→ **Source data**
*****

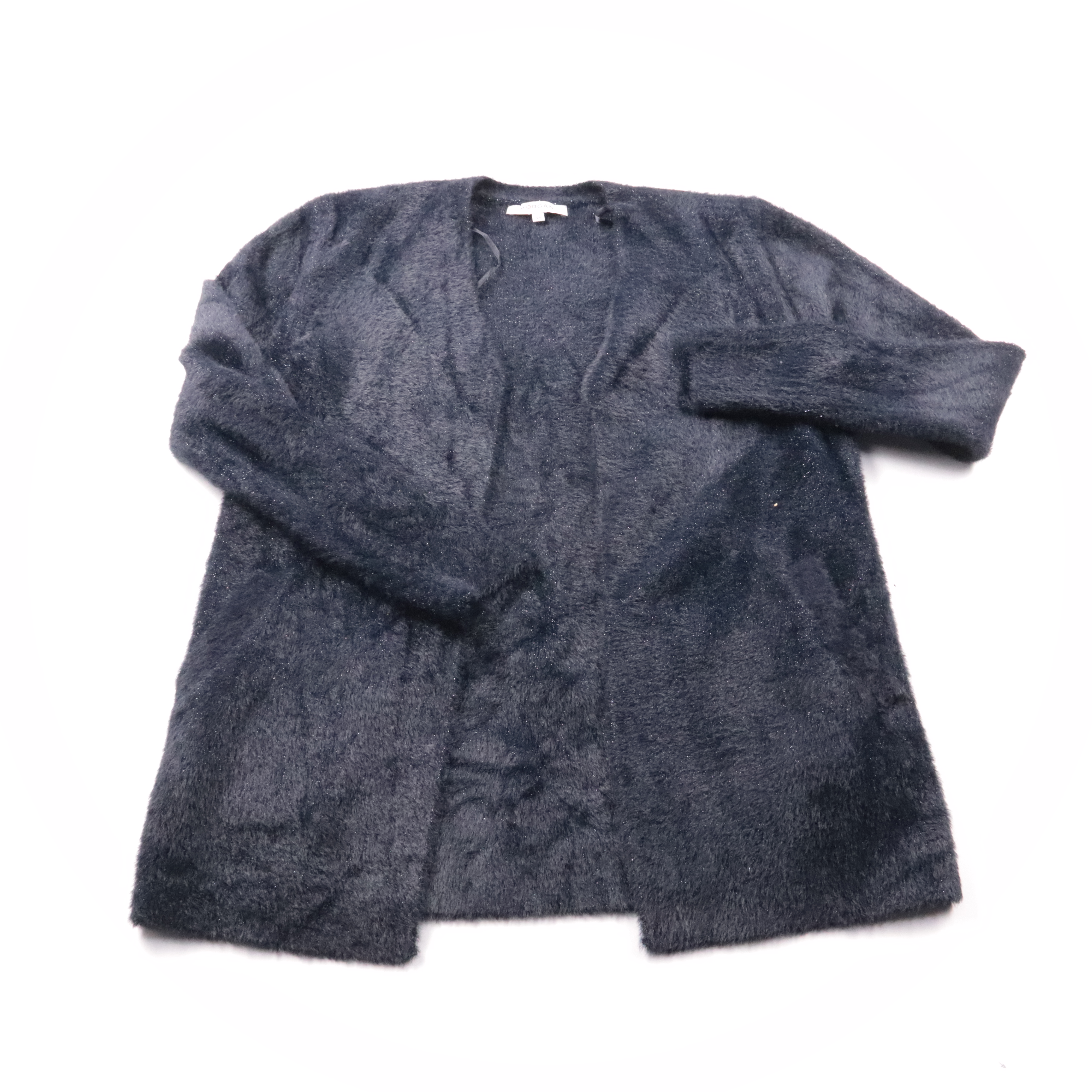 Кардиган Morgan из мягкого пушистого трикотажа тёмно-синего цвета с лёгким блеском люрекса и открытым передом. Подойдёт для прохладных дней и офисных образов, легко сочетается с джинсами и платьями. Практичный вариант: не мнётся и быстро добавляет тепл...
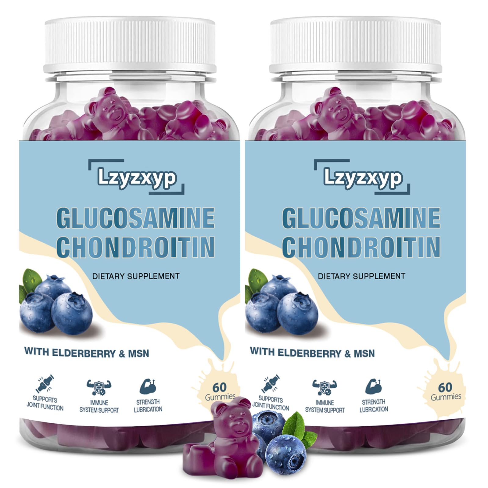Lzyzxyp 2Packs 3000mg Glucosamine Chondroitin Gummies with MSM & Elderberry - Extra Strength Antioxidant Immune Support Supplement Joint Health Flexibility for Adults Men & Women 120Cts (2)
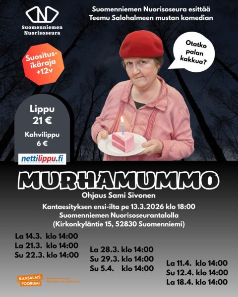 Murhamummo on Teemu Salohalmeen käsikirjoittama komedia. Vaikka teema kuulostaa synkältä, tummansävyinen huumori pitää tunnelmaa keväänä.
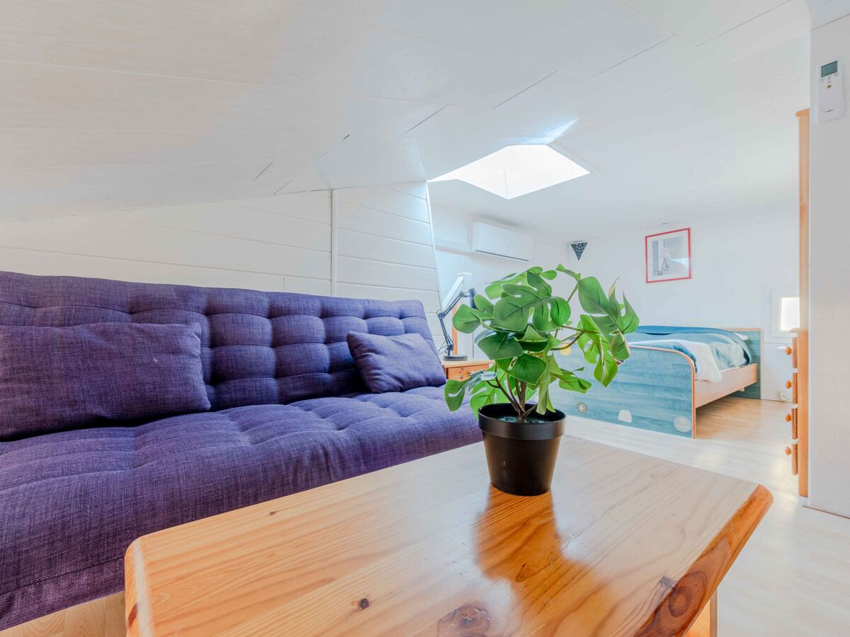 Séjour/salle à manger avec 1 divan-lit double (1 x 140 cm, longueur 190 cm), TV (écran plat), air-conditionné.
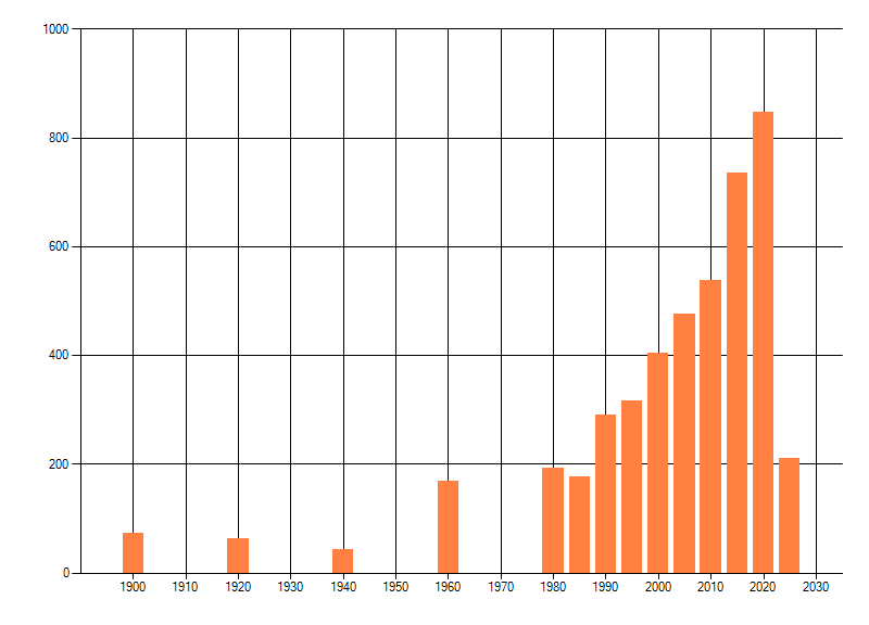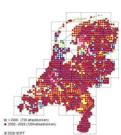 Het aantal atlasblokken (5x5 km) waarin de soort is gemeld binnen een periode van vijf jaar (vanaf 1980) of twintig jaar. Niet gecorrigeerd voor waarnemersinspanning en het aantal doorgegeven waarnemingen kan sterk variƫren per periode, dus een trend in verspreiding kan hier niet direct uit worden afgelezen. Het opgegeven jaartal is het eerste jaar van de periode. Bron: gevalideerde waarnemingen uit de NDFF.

*****

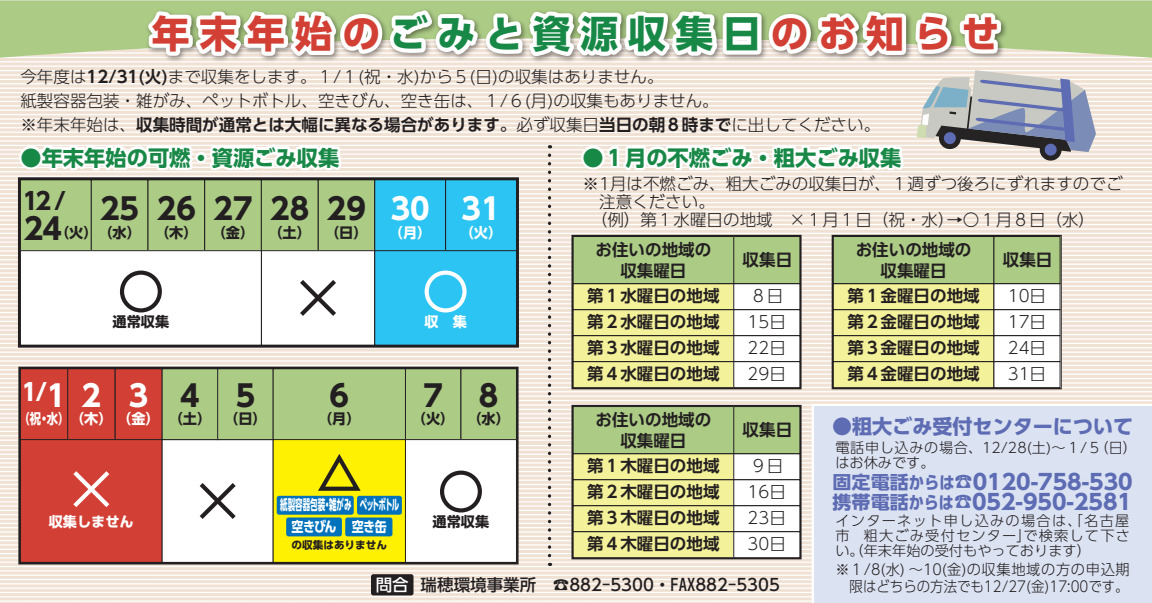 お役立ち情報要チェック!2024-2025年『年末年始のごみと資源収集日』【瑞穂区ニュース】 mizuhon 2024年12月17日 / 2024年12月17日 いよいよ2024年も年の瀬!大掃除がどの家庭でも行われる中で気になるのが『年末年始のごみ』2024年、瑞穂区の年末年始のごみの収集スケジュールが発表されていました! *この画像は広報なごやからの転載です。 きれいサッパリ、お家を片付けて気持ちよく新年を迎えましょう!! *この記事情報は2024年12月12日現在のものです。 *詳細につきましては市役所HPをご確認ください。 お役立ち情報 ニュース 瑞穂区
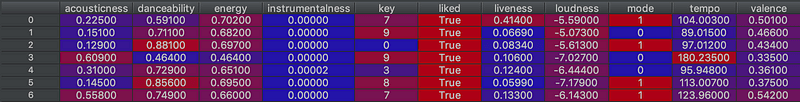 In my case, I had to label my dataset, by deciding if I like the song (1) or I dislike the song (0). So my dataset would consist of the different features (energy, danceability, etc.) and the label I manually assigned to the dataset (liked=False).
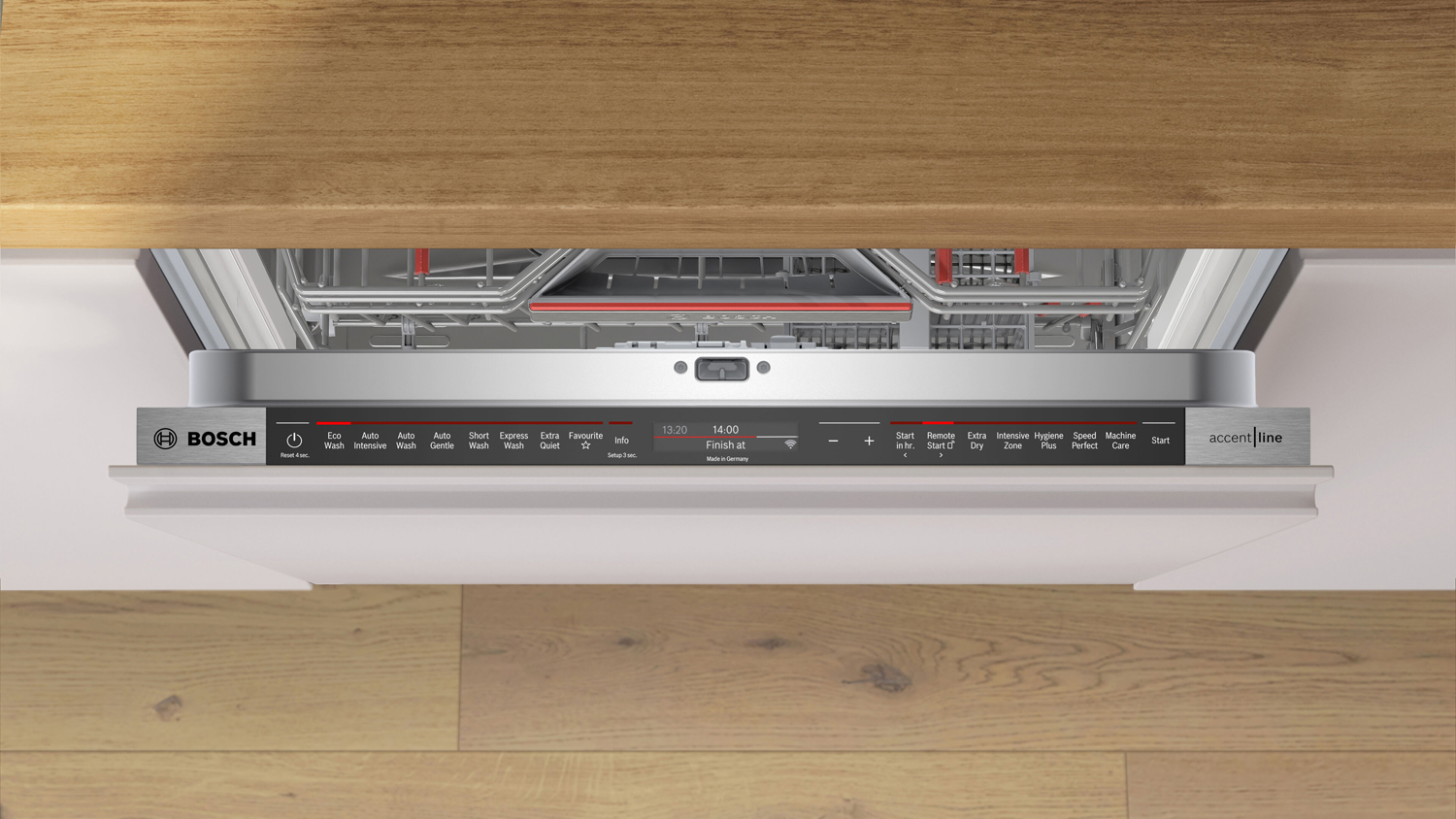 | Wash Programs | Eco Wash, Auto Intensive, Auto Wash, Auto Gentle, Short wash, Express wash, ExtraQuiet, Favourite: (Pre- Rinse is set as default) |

*****

→ **Directions for this task**
Set down, exactly as written above, each line from the one with "Murhamummo on Teemu" through the one with "Het aantal atlasblokken", and skip the pictures.

→ **Solution to the problem**
 Murhamummo on Teemu Salohalmeen käsikirjoittama komedia. Vaikka teema kuulostaa synkältä, tummansävyinen huumori pitää tunnelmaa keväänä.
 Séjour/salle à manger avec 1 divan-lit double (1 x 140 cm, longueur 190 cm), TV (écran plat), air-conditionné.
 Het aantal atlasblokken (5x5 km) waarin de soort is gemeld binnen een periode van vijf jaar (vanaf 1980) of twintig jaar. Niet gecorrigeerd voor waarnemersinspanning en het aantal doorgegeven waarnemingen kan sterk variƫren per periode, dus een trend in verspreiding kan hier niet direct uit worden afgelezen. Het opgegeven jaartal is het eerste jaar van de periode. Bron: gevalideerde waarnemingen uit de NDFF.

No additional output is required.